Il ne s'agit point de projections supplémentaires de films récents présentés dans le circuit commercial traditionnel, mais plutôt de revisiter et redécouvrir ce vaste patrimoine, l'occasion de revoir quelques chefs d'œuvres et d'affiner notre culture cinématographique.
Une présentation sera faite avant chaque film et une discussion sera conduite après.

Les présentations auront lieu le dernier vendredi de chaque mois.

Pour devenir membre il faut adhérer à la Médiathèque (22 € par année civile, 10 € pour le dernier trimestre de l'année ou pour les chômeurs, étudiants et moins de 18 ans).

Tous les trimestres, un nouveau cycle, dédié à un réalisateur, permet de découvrir ou redécouvrir trois films de l'auteur.

Liste des cycles :



Cycle Robert Bresson

Robert Bresson est souvent classifié comme un cinéaste janséniste tant ses films sont rigoristes. Ils suggèrent tous la présence de Dieu. Le réalisateur minimise le rôle de l'acteur au profit du récit, c'est pourquoi les acteurs professionnels et les vedettes n'ont pas leur place dans son cinéma. Ses personnages ont en commun la recherche de la grâce et de la liberté. Son style se caractérise par des plans dépouillés, sobres, cherchant à exprimer l'action le plus clairement possible. Il rejette tout ce que le cinéma peut contenir de spectaculaire, demandant au spectateur de réfléchir et non pas de se distraire. La carrière de Robert Bresson s'étale sur plus de quarante ans durant lesquels il ne réalise que treize longs métrages. Si ses films n'ont jamais fait exploser le box-office, il est néanmoins considéré par la critique et les cinéphiles comme un des géants du cinéma.

Cycle Vittorio de Sica

Avec Vittorio de Sica le cinéma descend dans la rue, se mêle au petit peuple, qui ressent avec le plus de dureté le contrecoup de la période fasciste. La caméra devient le constat brutal d'une réalité poignante. Le néoréalisme va trouver en De Sica son plus ardent propagandiste.

Cycle Ingmar Bergman

Ingmar bergman est l'un des plus grands réalisateurs de l'histoire du cinéma. Son oeuvre touche au thème de la métaphysique et à l'introspection psychologique ou familiale.

Cycle Marcel Carné

Assistant de René Clair et de Jacques Feyder à ses débuts, Marcel Carné est indissociable de Jacques Prévert, qui fut le scénariste de la plupart de ses films. Il reste dans l'histoire comme le cinéaste emblématique du réalisme poétique.

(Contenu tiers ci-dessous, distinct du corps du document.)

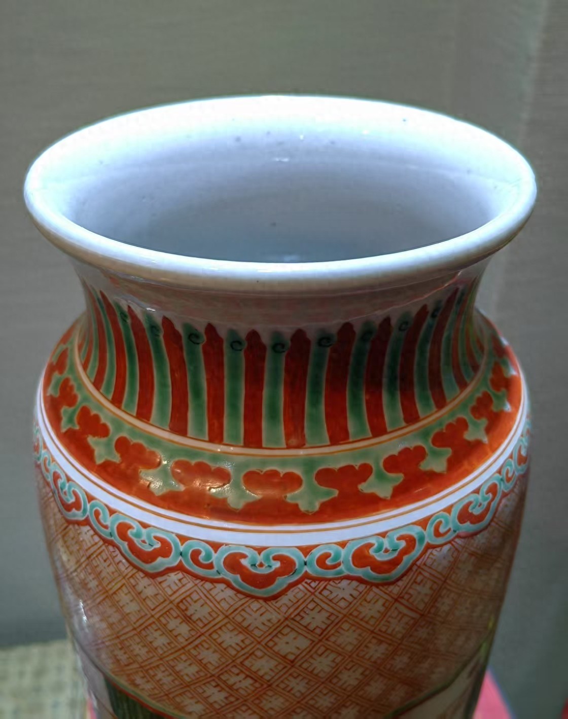 明末是五彩瓷器的鼎盛时期,五彩工艺以釉上彩为主,使用红、黄、绿、蓝、紫等多种色彩,呈现出艳丽而富有层次感的装饰效果。大筒瓶作为陈设器,兼具实用性与观赏性,深受文人雅士和贵族阶层的喜爱。
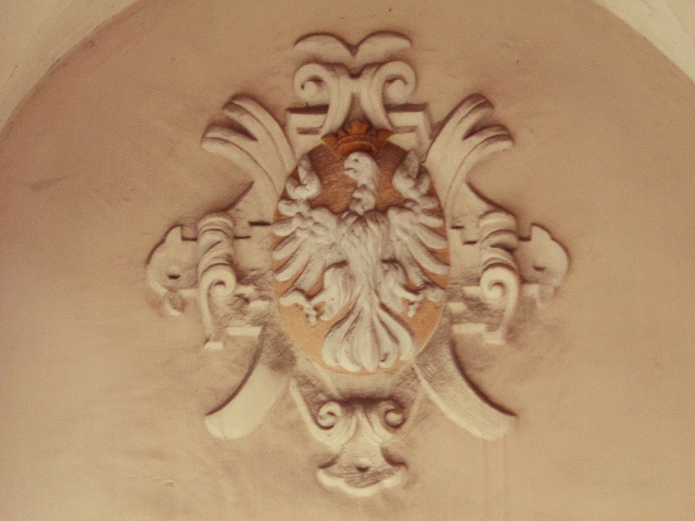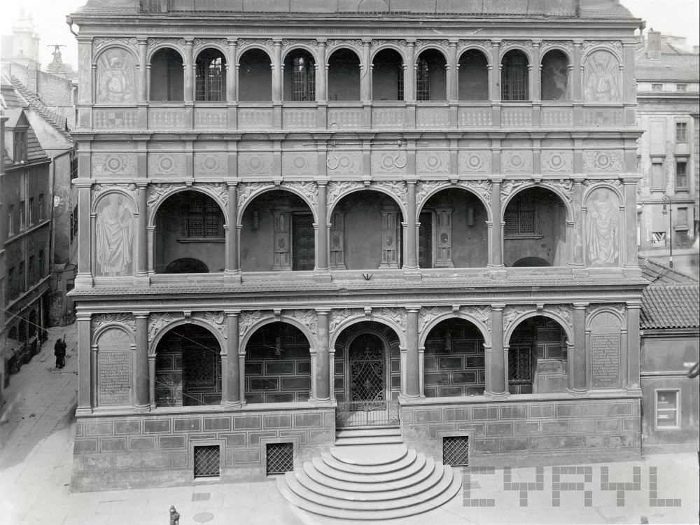 Gdy staniemy bliżej ratuszowej elewacji i wytężymy wzrok, w głębi, na wewnętrznej ścianie loggii pierwszego piętra zauważymy tajemnicze tarcze i kartusze. Z płyty Starego Rynku widać tylko niektóre z nich. Dopiero wejście do wnętrza loggii (niemożliwe na co dzień) pozwoli nam na obejrzenie kompletu tych tajemniczych dekoracji. Część bowiem umieszczono na murnej ścianie loggii, niewidocznej z zewnątrz.

Cycle Joseph L. Mankiewicz

Mankiewicz a passé sa vie à bluffer l'industrie hollywoodienne : réalisateur atypique, ses films se caractérisent par une quasi absence d’action, au sens hollywoodien du terme, et l’importance prépondérante des dialogues et des rapports entre les personnages. Plus que des super-productions, ses œuvres tendent vers le cinéma d'auteur.

Cycle Luchino Visconti

Luchino Visconti est un cinéaste italien né le 2 novembre 1906 à Milan et mort à Rome le 17 mars 1976. Il fut un des grands représentants de ce cinéma italien d'après-guerre qui allait avec, entre autres choses, le néo-réalisme, être le centre européen du cinéma pendant plusieurs décennies.



Cycle René Clément

Le goût de l’image, René Clément le cultive dès sa plus tendre enfance. Nourri d’illustrations projetées à l’âge de 4 ans, il "travaille" la pellicule à 9 et hante le cinéma de la Huchette à 15. C’est dans le sillage de son père, le décorateur Maurice Clément, que le jeune garçon entreprend des études d’architecture et réalise son premier film, un dessin animé dynamique intitulé César chez les Gaulois (1931). Après la mort de ce dernier, René Clément abandonne ses études et se retrouve affecté au Service Cinématographique de l’armée. S’il tente une première incursion dans le burlesque aux côtés de son ami Jacques Tati (Soigne ton gauche en 1936), c’est par le biais du documentaire qu’il s’affirme dans le milieu du cinéma : séduit par son brillant court métrage Ceux du rail, le Comité de Libération du Cinéma lui confie en 1942 la réalisation de sa version longue. Film néoréaliste, reflet de l’état d’esprit qui domine l’après-guerre, La Bataille du rail met finement en scène la résistance des cheminots pendant l’Occupation allemande, valant à son auteur le prix du jury au Festival de Cannes de 1946. La même année sont présentés sur la Croisette La Belle et la bête de Jean Cocteau, dont il est le conseiller technique, et Le Père tranquille, une autre chronique de résistance qu’il réalise à la demande de Noël-Noël. Ralliant à la fois le public et la profession, René Clément est sur tous les fronts.



Cycle Jean Renoir

Jean Renoir débute comme céramiste, ce qui lui permet de donner libre court à son sens créatif. Mais il comprend rapidement qu'il doit relever le défi par un moyen radicalement nouveau : le cinéma.
En 1924, il réalise son premier film, un mélodrame social et poétique presque entièrement tourné en décors extérieurs... La fille de l'eau connaît un certain succès. Dès cette époque, Jean Renoir est habité par la mission de magnifier la femme. Pendant dix ans, il va la placer au tout premier rang de ses personnages, et jusque dans les titres : Nana, La petite marchande d'allumettes, La chienne, Madame Bovary.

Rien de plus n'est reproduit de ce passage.